» **What you have to do**:
Every record that follows must be duplicated exactly, with images left out.

» **Data supplied**:

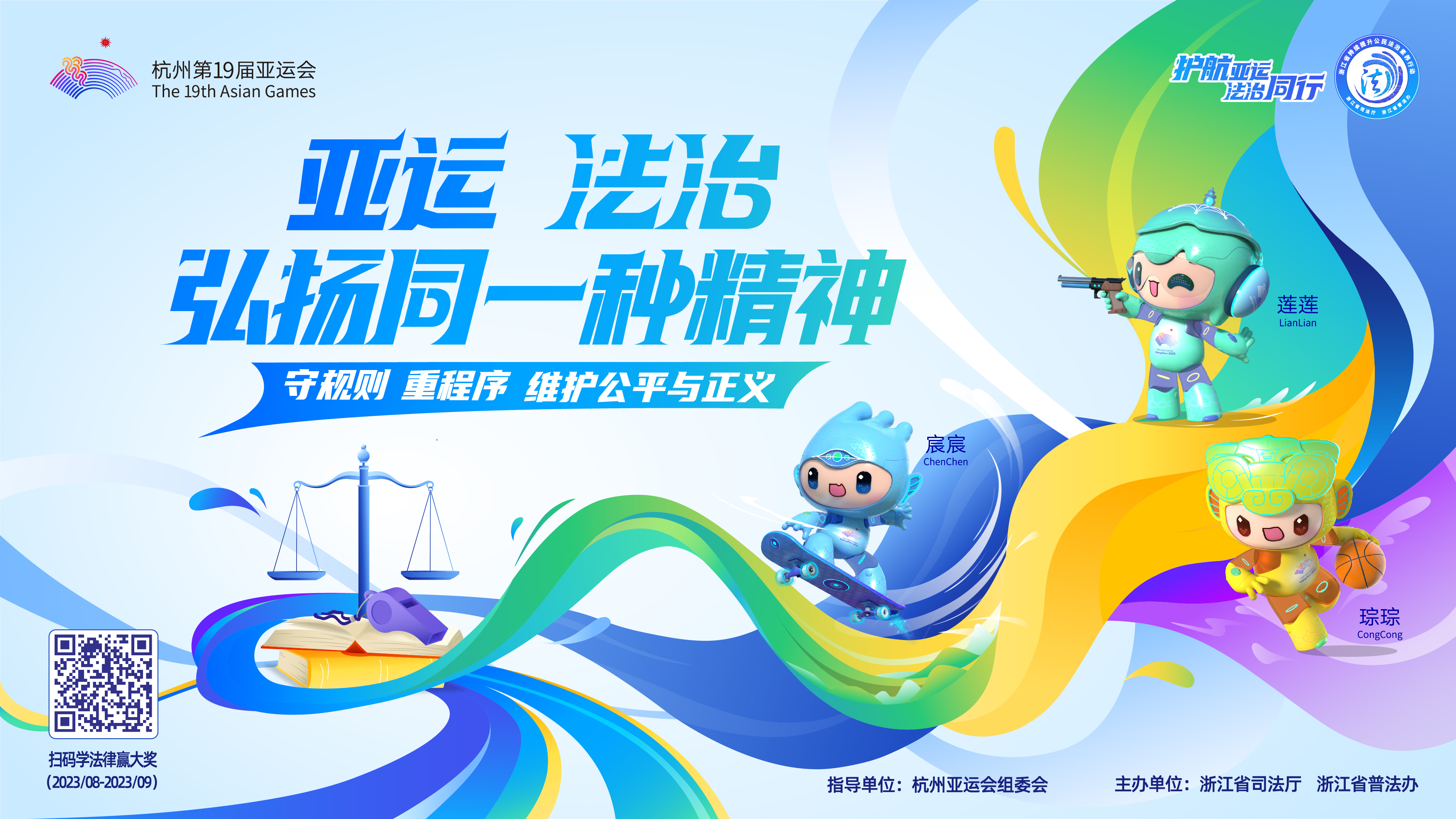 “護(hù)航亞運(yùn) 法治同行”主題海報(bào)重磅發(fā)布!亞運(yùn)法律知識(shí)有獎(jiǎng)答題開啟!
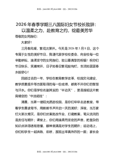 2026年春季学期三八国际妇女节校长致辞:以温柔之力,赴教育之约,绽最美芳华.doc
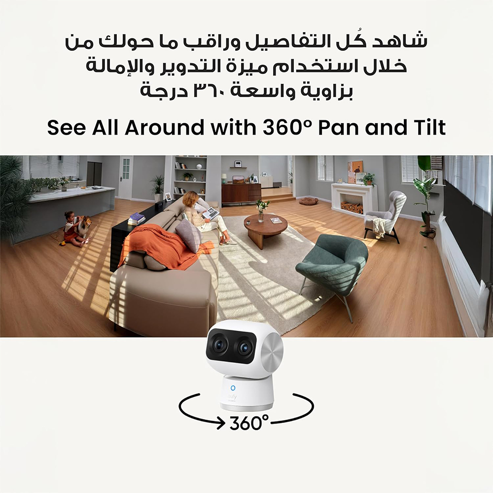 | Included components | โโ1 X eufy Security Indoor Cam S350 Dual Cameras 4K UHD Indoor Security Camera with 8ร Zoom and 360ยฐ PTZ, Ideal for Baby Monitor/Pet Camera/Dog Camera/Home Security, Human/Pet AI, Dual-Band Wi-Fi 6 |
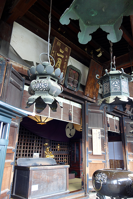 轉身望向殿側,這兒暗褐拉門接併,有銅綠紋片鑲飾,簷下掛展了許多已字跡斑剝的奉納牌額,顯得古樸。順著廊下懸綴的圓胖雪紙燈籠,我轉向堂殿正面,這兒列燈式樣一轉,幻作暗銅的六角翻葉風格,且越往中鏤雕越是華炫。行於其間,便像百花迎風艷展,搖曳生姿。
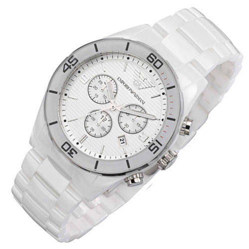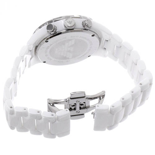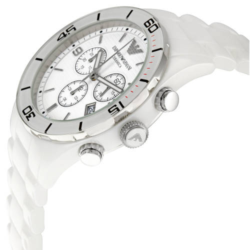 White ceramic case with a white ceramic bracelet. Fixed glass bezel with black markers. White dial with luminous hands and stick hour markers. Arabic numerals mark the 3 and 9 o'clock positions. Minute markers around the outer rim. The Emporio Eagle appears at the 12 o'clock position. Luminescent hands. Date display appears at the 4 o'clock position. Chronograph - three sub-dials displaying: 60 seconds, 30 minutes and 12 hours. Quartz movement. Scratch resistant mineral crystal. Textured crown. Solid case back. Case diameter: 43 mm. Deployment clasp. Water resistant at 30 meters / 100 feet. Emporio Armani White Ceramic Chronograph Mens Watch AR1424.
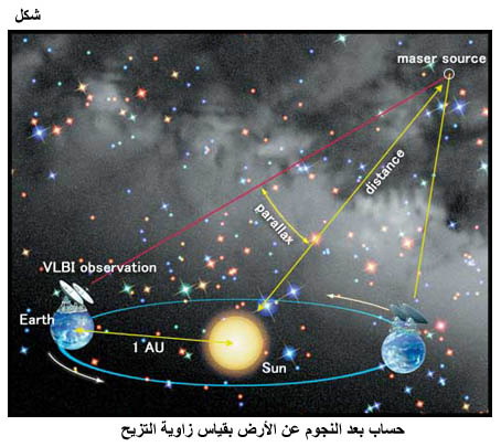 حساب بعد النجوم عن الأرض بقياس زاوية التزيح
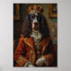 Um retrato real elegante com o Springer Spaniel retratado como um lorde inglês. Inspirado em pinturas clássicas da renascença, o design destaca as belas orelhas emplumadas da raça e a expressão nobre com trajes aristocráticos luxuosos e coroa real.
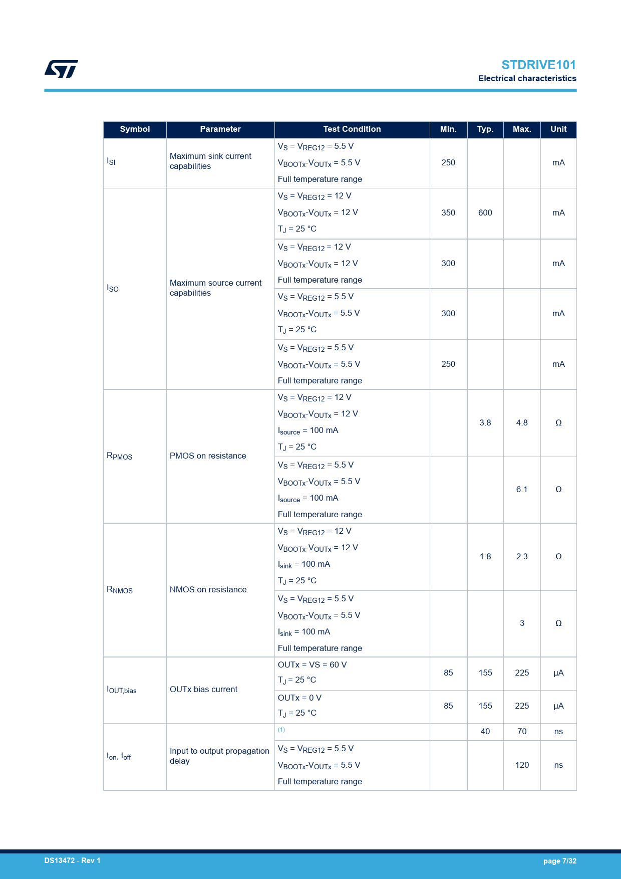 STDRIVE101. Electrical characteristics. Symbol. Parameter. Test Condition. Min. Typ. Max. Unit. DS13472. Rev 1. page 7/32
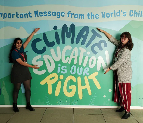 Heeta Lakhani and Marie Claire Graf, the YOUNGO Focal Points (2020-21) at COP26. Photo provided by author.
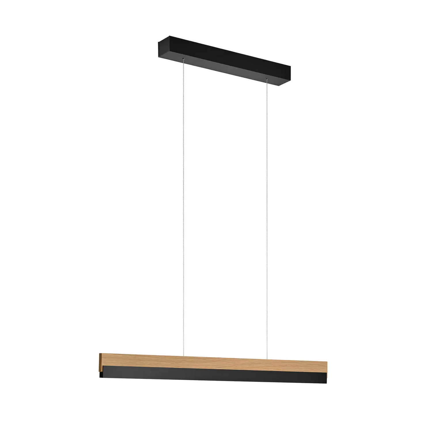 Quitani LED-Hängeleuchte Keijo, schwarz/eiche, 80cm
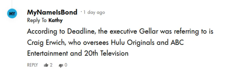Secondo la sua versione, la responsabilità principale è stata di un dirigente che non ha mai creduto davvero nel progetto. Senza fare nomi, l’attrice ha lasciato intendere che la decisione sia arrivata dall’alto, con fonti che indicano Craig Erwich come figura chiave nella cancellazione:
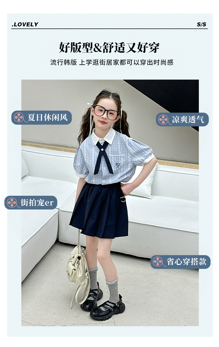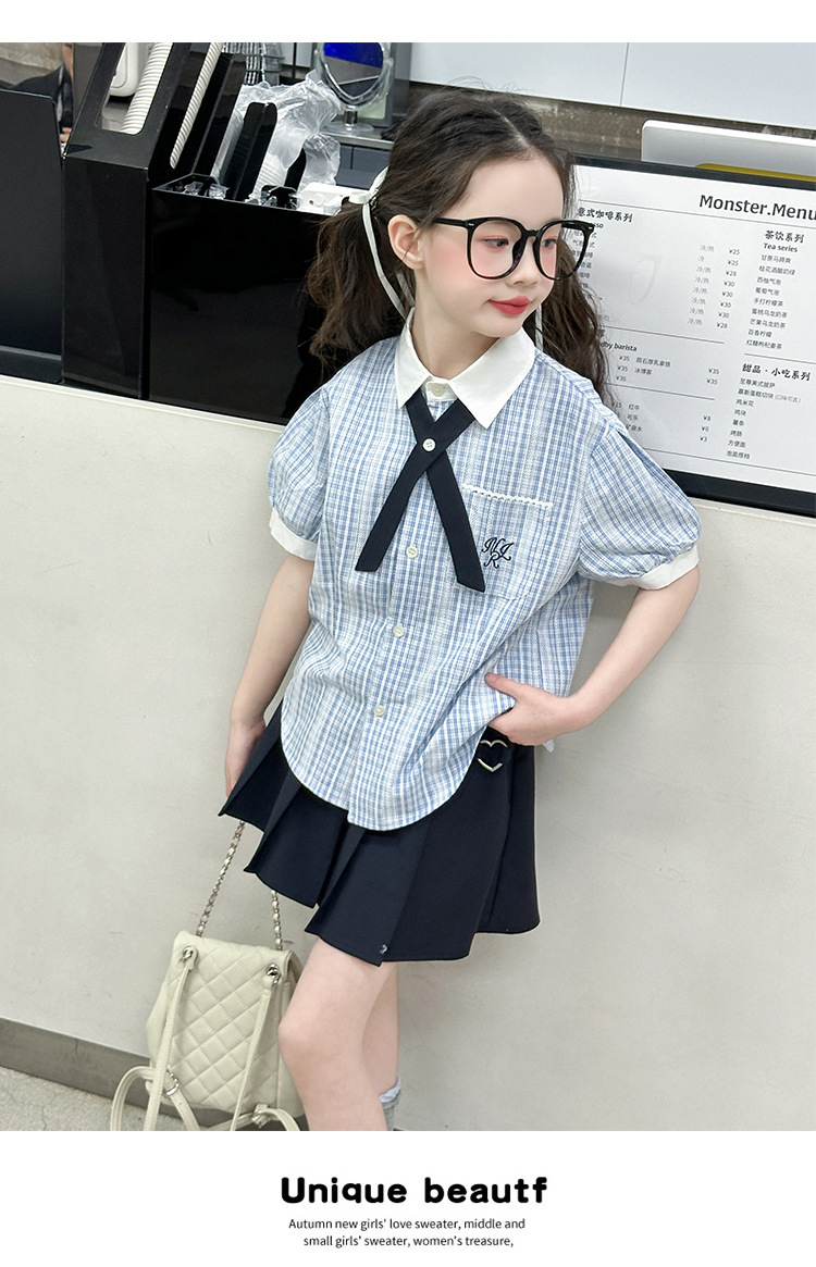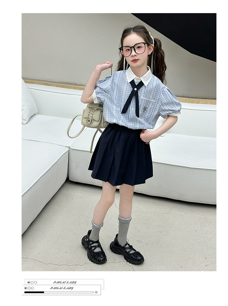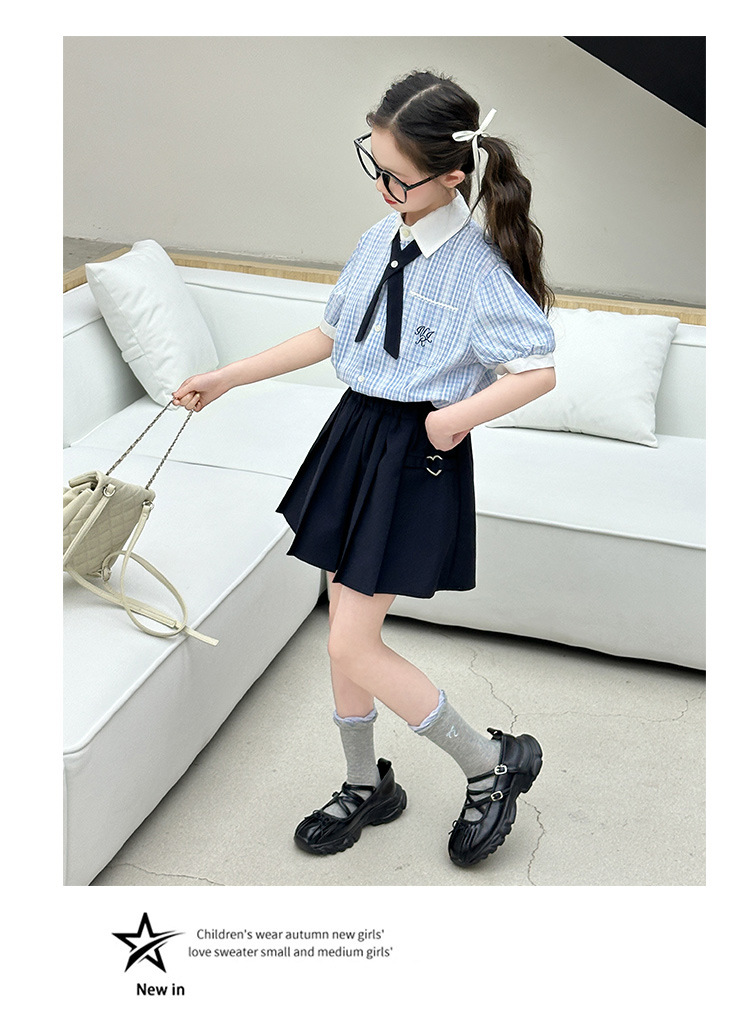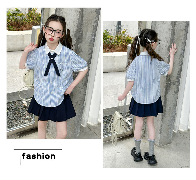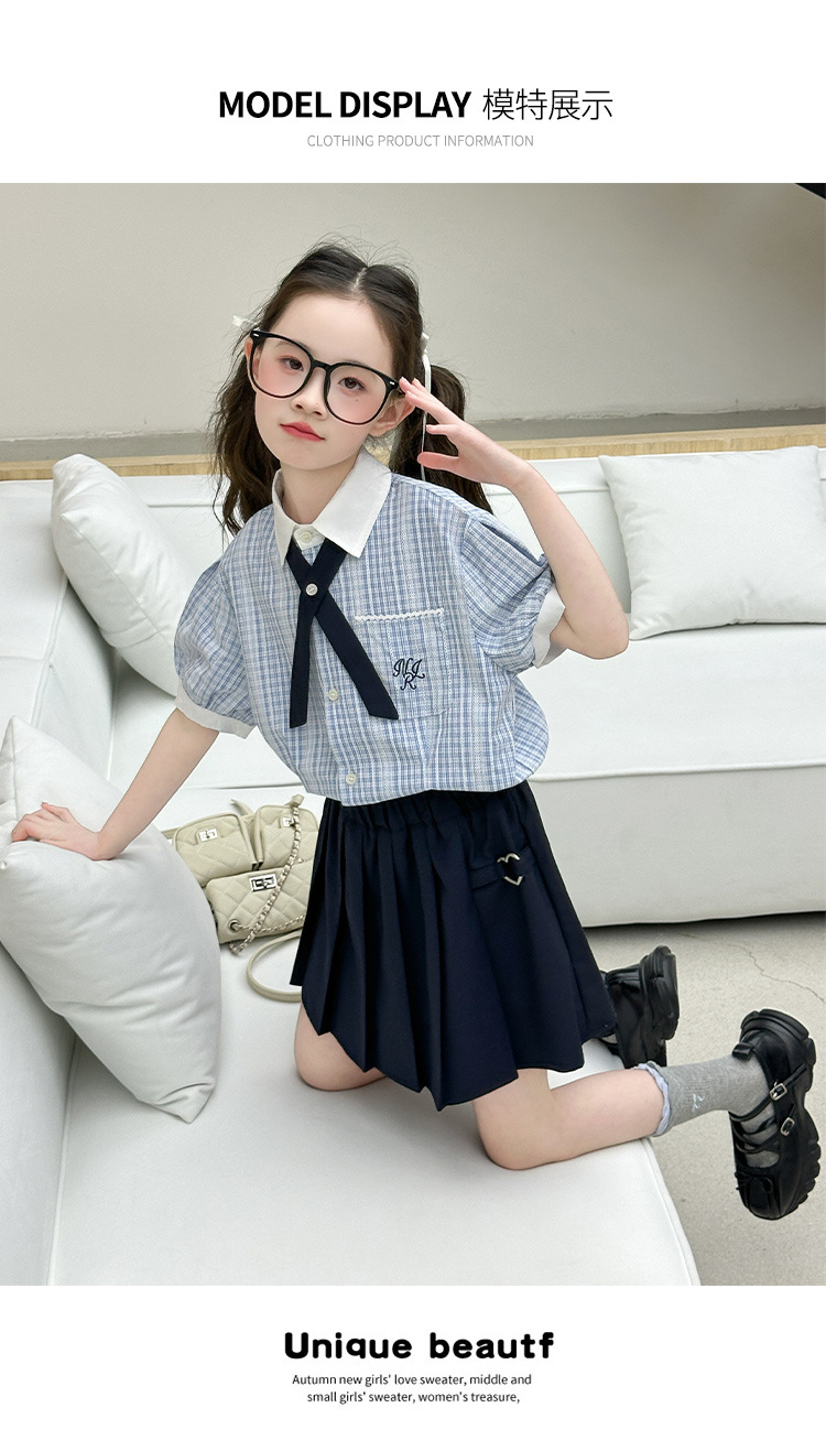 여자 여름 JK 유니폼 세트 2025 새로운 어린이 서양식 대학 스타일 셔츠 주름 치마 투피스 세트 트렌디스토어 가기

» **Answer space**:
 “護(hù)航亞運(yùn) 法治同行”主題海報(bào)重磅發(fā)布!亞運(yùn)法律知識(shí)有獎(jiǎng)答題開啟!
 2026年春季学期三八国际妇女节校长致辞:以温柔之力,赴教育之约,绽最美芳华.doc
 | Included components | โโ1 X eufy Security Indoor Cam S350 Dual Cameras 4K UHD Indoor Security Camera with 8ร Zoom and 360ยฐ PTZ, Ideal for Baby Monitor/Pet Camera/Dog Camera/Home Security, Human/Pet AI, Dual-Band Wi-Fi 6 |
 轉身望向殿側,這兒暗褐拉門接併,有銅綠紋片鑲飾,簷下掛展了許多已字跡斑剝的奉納牌額,顯得古樸。順著廊下懸綴的圓胖雪紙燈籠,我轉向堂殿正面,這兒列燈式樣一轉,幻作暗銅的六角翻葉風格,且越往中鏤雕越是華炫。行於其間,便像百花迎風艷展,搖曳生姿。
 White ceramic case with a white ceramic bracelet. Fixed glass bezel with black markers. White dial with luminous hands and stick hour markers. Arabic numerals mark the 3 and 9 o'clock positions. Minute markers around the outer rim. The Emporio Eagle appears at the 12 o'clock position. Luminescent hands. Date display appears at the 4 o'clock position. Chronograph - three sub-dials displaying: 60 seconds, 30 minutes and 12 hours. Quartz movement. Scratch resistant mineral crystal. Textured crown. Solid case back. Case diameter: 43 mm. Deployment clasp. Water resistant at 30 meters / 100 feet. Emporio Armani White Ceramic Chronograph Mens Watch AR1424.
 حساب بعد النجوم عن الأرض بقياس زاوية التزيح
 Um retrato real elegante com o Springer Spaniel retratado como um lorde inglês. Inspirado em pinturas clássicas da renascença, o design destaca as belas orelhas emplumadas da raça e a expressão nobre com trajes aristocráticos luxuosos e coroa real.
 STDRIVE101. Electrical characteristics. Symbol. Parameter. Test Condition. Min. Typ. Max. Unit. DS13472. Rev 1. page 7/32
 Heeta Lakhani and Marie Claire Graf, the YOUNGO Focal Points (2020-21) at COP26. Photo provided by author.
 Quitani LED-Hängeleuchte Keijo, schwarz/eiche, 80cm
Secondo la sua versione, la responsabilità principale è stata di un dirigente che non ha mai creduto davvero nel progetto. Senza fare nomi, l’attrice ha lasciato intendere che la decisione sia arrivata dall’alto, con fonti che indicano Craig Erwich come figura chiave nella cancellazione:
 여자 여름 JK 유니폼 세트 2025 새로운 어린이 서양식 대학 스타일 셔츠 주름 치마 투피스 세트 트렌디스토어 가기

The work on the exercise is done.